Personally I wouldn't take the advice of those recommending you confront your colleague.

Brigante9 · 28/10/2022 23:27

How good are you at confrontation? You can either pull her up on it or go the formal route and go to HR-my favourite option. Your manager needs to know she’s bullying you regardless and needs to give her a warning.

LoveBluey · 28/10/2022 23:30

Obviously you have a very valid reason but it actually doesn't matter in the slightest why you have the afternoons off. The fact is it has been agreed by your manager.
You could have childcare or other caring responsibilities or be going home to tend to your vegetable patch, catch up on your stamp collecting or simply watch daytime tv and nap on the sofa. The reason is irrelevant if part time hours have been agreed that's between you and management /HR and nobody else's business.

PinkFrogss · 28/10/2022 23:35

Have you posted this before OP? I recall similar threads, in which case this situation has continued for a number of months and you need to talk to your manager and HR

Jalepenojello · 28/10/2022 23:38

It is bullying , absolutely report. Your health and work contract are none of her business at all.

minou123 · 28/10/2022 23:40

Do not confront her or challange her.
It will end badly.
She is the type of person who will twist it and turn it into you bullying her.

Report to management, HR or Senior Management.
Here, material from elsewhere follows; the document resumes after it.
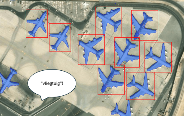 Text SAM is een combinatie van twee modellen: Grounding DINO en Segment Anything Model (SAM). Het Grounding DINO model analyseert een ingevoerde afbeelding (of imagery layer) en probeert hierin patronen te herkennen, die overeenkomen met objecten die het model kent. Door gebruik te maken van geavanceerde taalmodellen, begrijpt het model een vrije tekstinvoer. Hierdoor hoeft u geen gebruik te maken van voorgedefinieerde labels, maar kunt u alles invoeren wat u wilt, zoals ‘rode auto’ of ‘vliegtuig’. Het model zet de ingevoerde tekst om in numerieke waarden, waarmee met model zoekt naar objecten in de afbeelding die overeenkomen met deze waarden. Het resultaat van het Grounding DINO model, zijn bounding boxes rondom het object: kaders die de objecten definiëren.

This is bullying and has no place in the workplace.

I've seen this happen so many times in work. The colleague feels hard done by and rather accept that sometimes other people need reasonable adjustements, she goes for the easier option and attacks you.
Dont get drawn into arguing with her about it.

SezFrankly · 29/10/2022 10:31

She’s an immature little bitch and she needs a dose of reality. It doesn’t matter why you work half days, we are all entitled to flexible working arrangements and employers cannot unreasonably withhold approval. The fact you’ve been poorly only amplified the nastiness of this woman.

If she’s so jealous, she’s perfectly entitled to request afternoons off too. Report her, and then tell her to FO next time she tries this passive-aggressive nonsense. If it’s busy, then your employer can find another PT member of staff, her opinion about the rota is not your problem.

SezFrankly · 29/10/2022 10:32

LoveBluey · 28/10/2022 23:30

Obviously you have a very valid reason but it actually doesn't matter in the slightest why you have the afternoons off. The fact is it has been agreed by your manager.
You could have childcare or other caring responsibilities or be going home to tend to your vegetable patch, catch up on your stamp collecting or simply watch daytime tv and nap on the sofa. The reason is irrelevant if part time hours have been agreed that's between you and management /HR and nobody else's business.